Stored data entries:
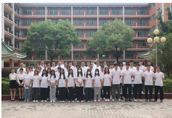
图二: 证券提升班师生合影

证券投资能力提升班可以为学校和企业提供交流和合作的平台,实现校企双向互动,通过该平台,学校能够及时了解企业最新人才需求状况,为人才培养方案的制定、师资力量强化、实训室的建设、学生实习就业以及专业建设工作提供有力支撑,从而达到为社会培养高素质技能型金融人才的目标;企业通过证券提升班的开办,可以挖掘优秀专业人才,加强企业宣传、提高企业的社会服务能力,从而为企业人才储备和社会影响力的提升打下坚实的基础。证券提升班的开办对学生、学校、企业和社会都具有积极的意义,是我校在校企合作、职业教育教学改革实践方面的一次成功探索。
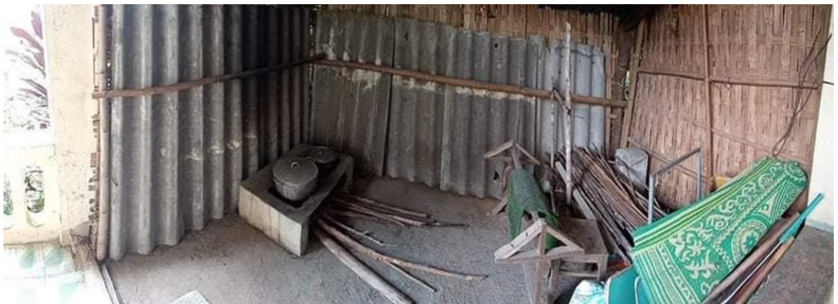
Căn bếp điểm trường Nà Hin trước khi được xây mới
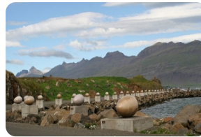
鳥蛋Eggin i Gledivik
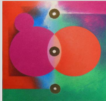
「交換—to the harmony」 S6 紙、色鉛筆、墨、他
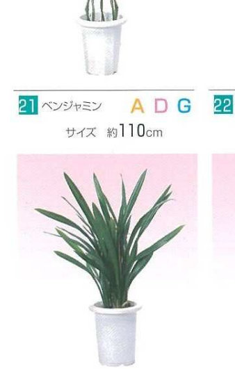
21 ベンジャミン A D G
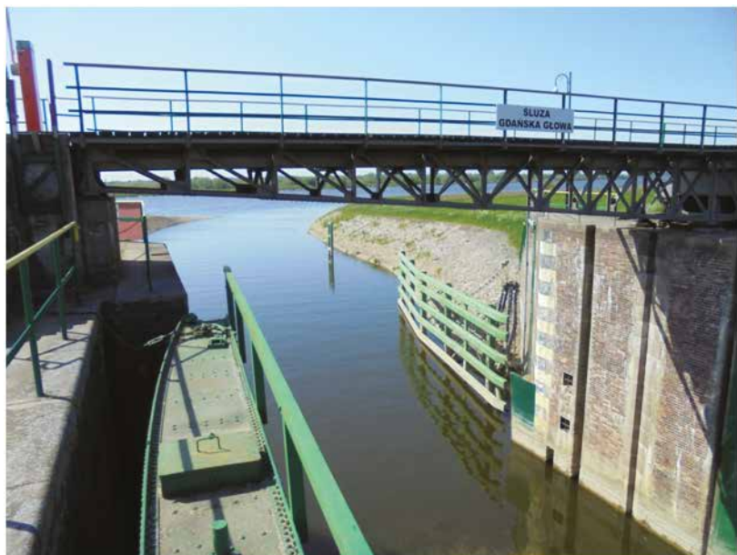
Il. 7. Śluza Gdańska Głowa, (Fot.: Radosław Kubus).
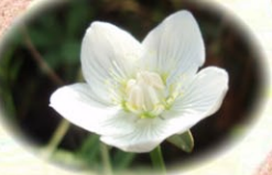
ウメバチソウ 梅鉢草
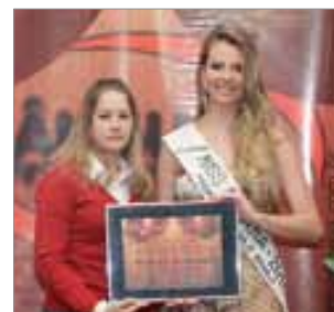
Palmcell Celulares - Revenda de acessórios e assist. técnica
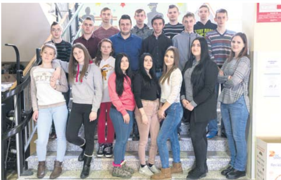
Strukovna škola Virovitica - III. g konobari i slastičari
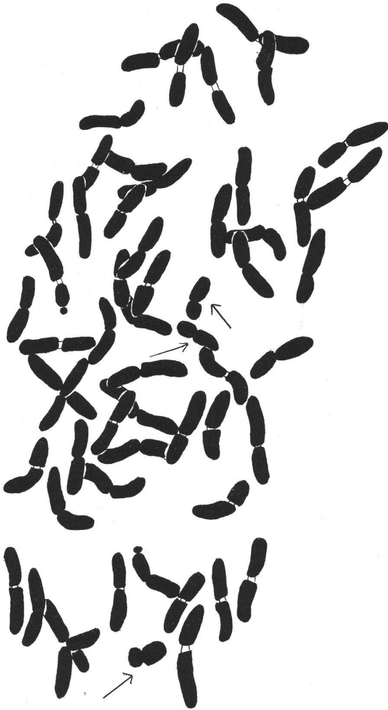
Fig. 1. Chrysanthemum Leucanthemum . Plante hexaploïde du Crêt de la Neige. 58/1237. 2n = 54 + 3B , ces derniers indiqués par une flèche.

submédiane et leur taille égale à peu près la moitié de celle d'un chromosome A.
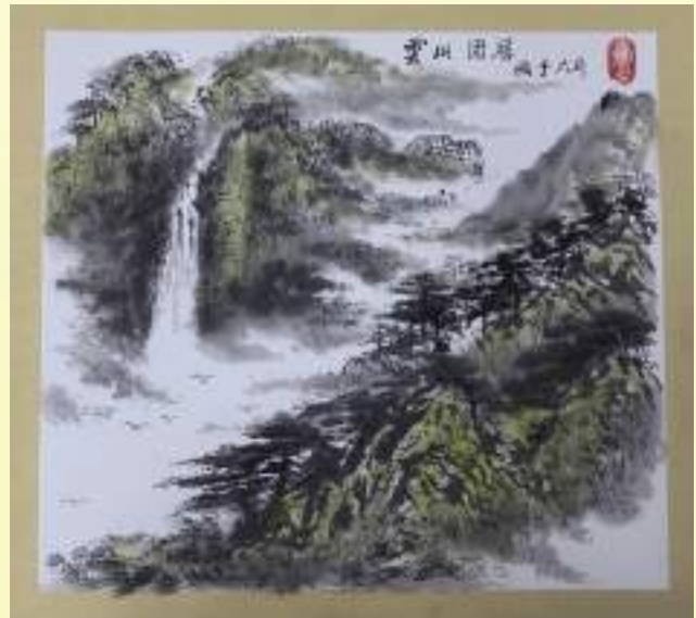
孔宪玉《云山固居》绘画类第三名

Aim of the task ▸
Starting at the line that contains "证券投资能力提升班可以为学校", write out every line through the end of the entries, both ends included, without any pictures.

Result for this task ▸
证券投资能力提升班可以为学校和企业提供交流和合作的平台,实现校企双向互动,通过该平台,学校能够及时了解企业最新人才需求状况,为人才培养方案的制定、师资力量强化、实训室的建设、学生实习就业以及专业建设工作提供有力支撑,从而达到为社会培养高素质技能型金融人才的目标;企业通过证券提升班的开办,可以挖掘优秀专业人才,加强企业宣传、提高企业的社会服务能力,从而为企业人才储备和社会影响力的提升打下坚实的基础。证券提升班的开办对学生、学校、企业和社会都具有积极的意义,是我校在校企合作、职业教育教学改革实践方面的一次成功探索。
Căn bếp điểm trường Nà Hin trước khi được xây mới
鳥蛋Eggin i Gledivik
「交換—to the harmony」 S6 紙、色鉛筆、墨、他
21 ベンジャミン A D G
Il. 7. Śluza Gdańska Głowa, (Fot.: Radosław Kubus).
ウメバチソウ 梅鉢草
Palmcell Celulares - Revenda de acessórios e assist. técnica
Strukovna škola Virovitica - III. g konobari i slastičari
Fig. 1. Chrysanthemum Leucanthemum . Plante hexaploïde du Crêt de la Neige. 58/1237. 2n = 54 + 3B , ces derniers indiqués par une flèche.

submédiane et leur taille égale à peu près la moitié de celle d'un chromosome A.
孔宪玉《云山固居》绘画类第三名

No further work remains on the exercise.